I don't think you're selfish and understand completely. Marriage is a major adjustment for just the two of you and when you add other adults to the household dynamic, it becomes much more stressful.

First off, if I were in your shoes, I wouldn't quit my job. . especially in this economy. Your job is also providing an outlet for you because being at home with everyone else would really frustrate you and make you angrier just looking at them.

My top priority would be to have a long talk w/DH and figure out a plan for SS's life. He has to either go to work or go to school and get a part-time job. He has a family to feed and daddy has enabled him to depend on other people to take care of him. Your DH needs to ask SS what his plans are and how he plans to execute them. This sitting around doing nothing . . while you feed his family. .is unacceptable. If SS doesn't have any plans, it's time to create one with a time line. If not, he'll end up with you for a long time. Don't allow this open ended living arrangement.

Regarding his brother, there's no reason he should be getting a free ride, saving his money, while the two of you provide room and board. This should have been discussed prior to him moving in, but since it wasn't it needs to be addressed. Agree upon an amount that he can afford and at least that will take some of the financial burden off you. His brother has a plan so it's just a matter of time before he moves out.

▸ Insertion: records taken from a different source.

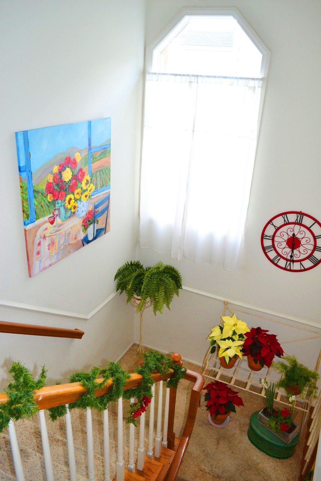 The staircase has a lovely landing with a tall window that lets in lots of light and is a great place to grow ferns and Christmas plants as well as hang one of my large paintings of a California vineyard.
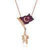 Bayrak; bir milletin varlığının ve bağımsızlığının sembolü, tarihinin hatırasıdır. Bayrağın değeri temsil ettiği milletin kıymeti ile ölçülür. Devletin hakimiyetini, bağımsızlığını ve şerefini temsil ettiği için bayrağa saygı gösterilir. Kırmızı zemin üzerinde hilal ve yıldız bulunan bayrağa efsanevi bir anlam katan inanış vardır. Osmanlıların 1448'de, düşmanlarını ağır bir yenilgiye uğrattığı Kosova savaşından sonraki gece; savaş alanında oluşmuş kan gölünün üzerinde gökyüzünden yansıyan hilal ve yıldız yan yana görünmüştür. Böylece sultan II Murad bu simgeyi devlet bayrakları arasında kullanmaya başlamıştır. Sizde sevdiklerinize gümüş türk bayrağı tutan çocuklar kolyeyi armağan edebilir onları sevindirebilirsiniz. Bayrak tutan çocuklar kolye modeli 925 ayar gümüşten imal edilmiştir. Gümüş üzerine rose kaplama yapılmıştır. Rose kaplama yapılan gümüş kolye modelleri parlaklığını uzun süre muhafaza eder ve oksitlenmesi gecikir. Gümüş kolyenin ortalama boyu 45 cm'dir. Tüm kolye modellerinde olduğu gibi gümüş bayrak tutan çocuklar kolye modeli de el emeği ile üretilmiştir. Gümüş ve değerli taşlar nedeniyle belirtilen ortalama ürün ağırlığında ± %10 sapma olabilmektedir.
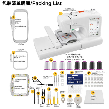 This easy-to-use embroidery machine comes with everything you need to start stitching right out of the box. Perfect for beginners and hobbyists, it features a large color touchscreen, built-in designs, and automatic threading for a smooth embroidery experience.
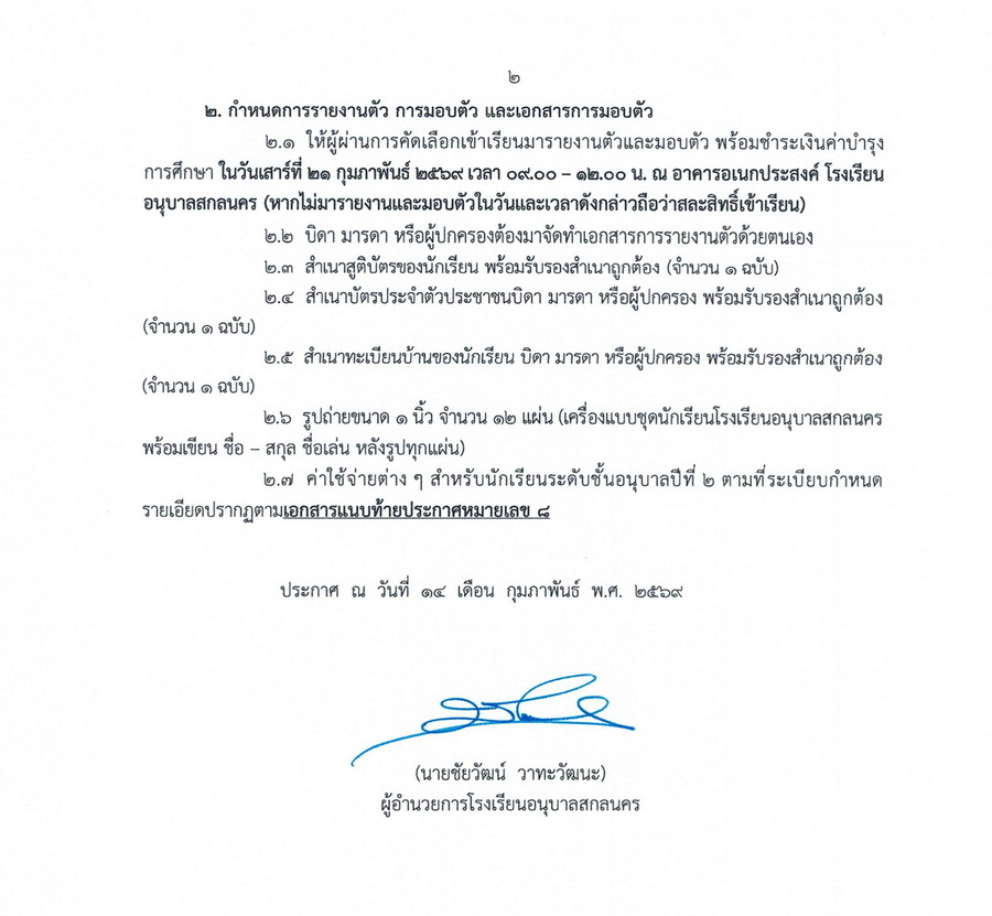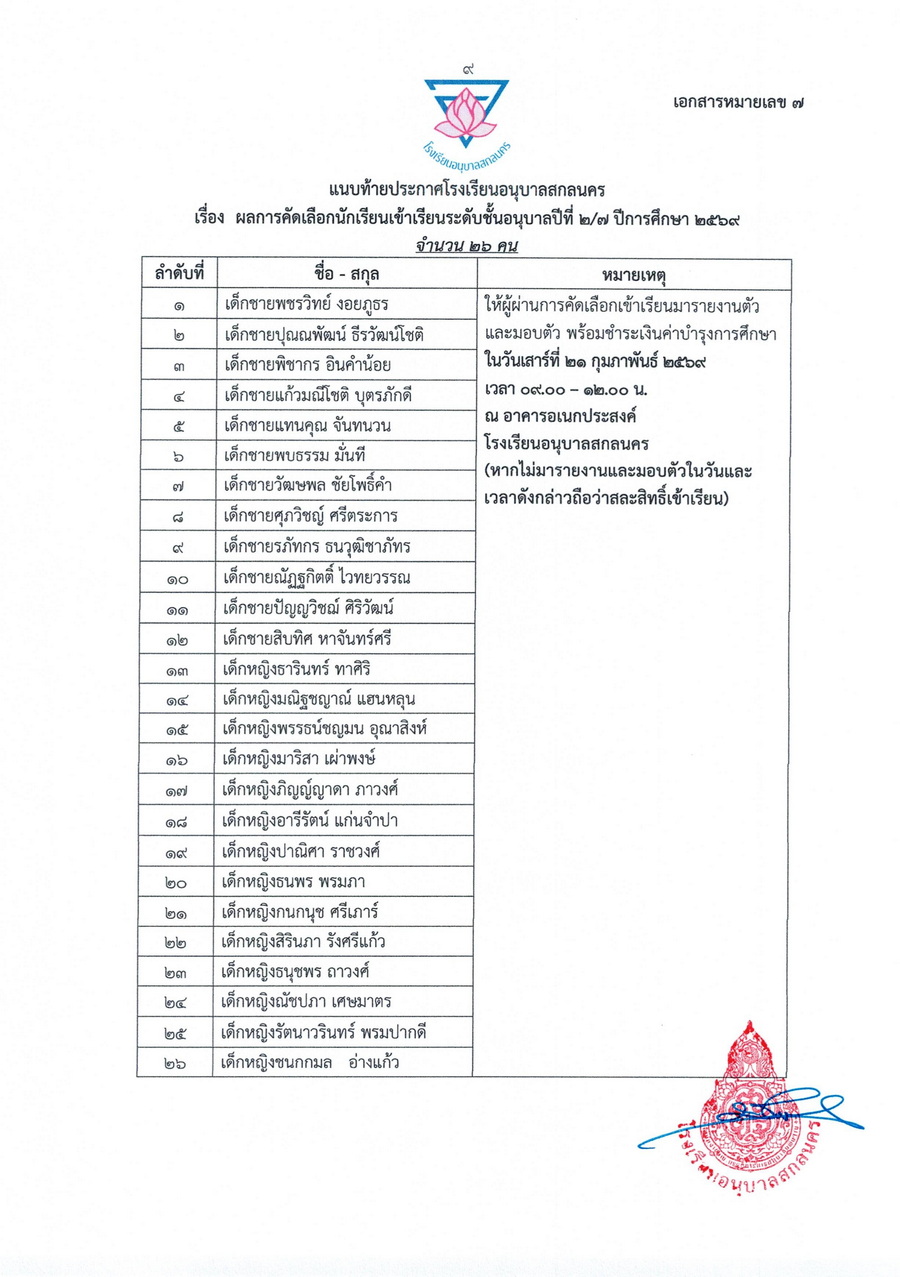 ประกาศผลการคัดเลือกนักเรียนชั้นอนุบาลปีที่ 2 ในปีการศึกษา 2569

Once you implement this strategy regarding both of them, you'll feel like you have some control in your household and coming home won't be so stressful. We get angry when we feel people are taking advantage of us, but people will only do that if we allow it.

Finally, it's difficult to live w/adult children under the best circumstances. My SD (who I don't get along with) has an advanced degree. I had to make DH charge her reasonable rent, and if she weren't getting married next year, she might be here forever because DH has enabled her and didn't want to give her a move out date (didn't want to hurt her feelings). For the record. . she'll be 28 in a few months. Put your foot down now, so SS doesn't get too comfortable and isn't living w/you at damn near 30!

Hang in there and good luck.

frustratedstepdad's picture

I completely understand where you are coming from. My wife and I have only been married 3 1/2 years and we can't ever have the house to ourselves because of my SD's and thier kid and/or boyfriend is always moving back in. You are really in a tough spot.